The district was humbled by the delta strain in the fall and the omicron variant in the winter. A beloved special education classroom assistant died of COVID-19 around Thanksgiving. The virus conditions in January spurred a few schools to temporarily transition to remote learning.
CPS lost its chief health officer to retirement in February, and cases have been spiking since spring break in April.
In its budget guide, CPS pointed to some achievements in its handling of COVID-19 this year. The district boasted that it has administered more than 1.5 million COVID-19 tests since September, secured COVID-19 testing consents from more than 100,000 students and 37,000 staff members, hosted more than 1,300 COVID-19 vaccination events since July 1; and distributed more than $13 million worth of personal protective equipment to students and staff. The union fought for these measures in the safety agreement, which is set to expire Aug. 26.
The district said it will continue to update its public COVID-19 tracker after Tuesday to reflect cases reported during summer programming, which starts July 6. CPS said it finished testing in schools Friday and will resume testing during summer school.
Chicago public health Commissioner Dr. Allison Arwady said last week the city is prepared to vaccinate children younger than 5 as soon federal authorities approve their use, perhaps as early as next week. Some 54% of students 5 and older in district-managed schools and 45% of age-eligible students in CPS schools not managed by district are fully vaccinated, according to district data.
Chicago Board of Education member Elizabeth Todd-Breland floated the idea of a CPS student COVID-19 vaccine mandate at the board’s January meeting — but it hasn’t seemed to have taken root. Martinez expressed disappointment the issue isn’t being handled at the federal level.
CTU pushed for an 80% vaccination rate for eligible students last summer. The union said it is “looking very closely” at the Los Angeles Unified School District — which instituted a coronavirus vaccination requirement for students, but has delayed enforcement. Goodchild said CPS should partner with the union on outreach and be “more intentional” about where it hosts vaccine events.
“We think that CPS can do a lot more to support vaccine access and education around vaccine in school communities where vaccination rates amongst students and families is very, very uneven,” Goodchild said.

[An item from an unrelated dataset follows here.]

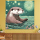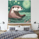 Otter in a Starry Night Ocean Sage and Rose Colour Canvas Print

When asked if CTU will seek a reinstatement of the mask mandate for the fall, Goodchild said the union will “push for the highest possible level of safety for educators, students and school communities.”
CPS reported more than 9,300 adult COVID-19 cases this school year. About 3,300 students and 240 adults on Sunday were in isolation because they tested positive for the virus or in quarantine because they are not fully vaccinated and came in close contact with someone infected.
“This spring has shown us that pandemic mitigation has to continue,” Goodchild said. “We can’t pretend that things have returned to normal when they haven’t.”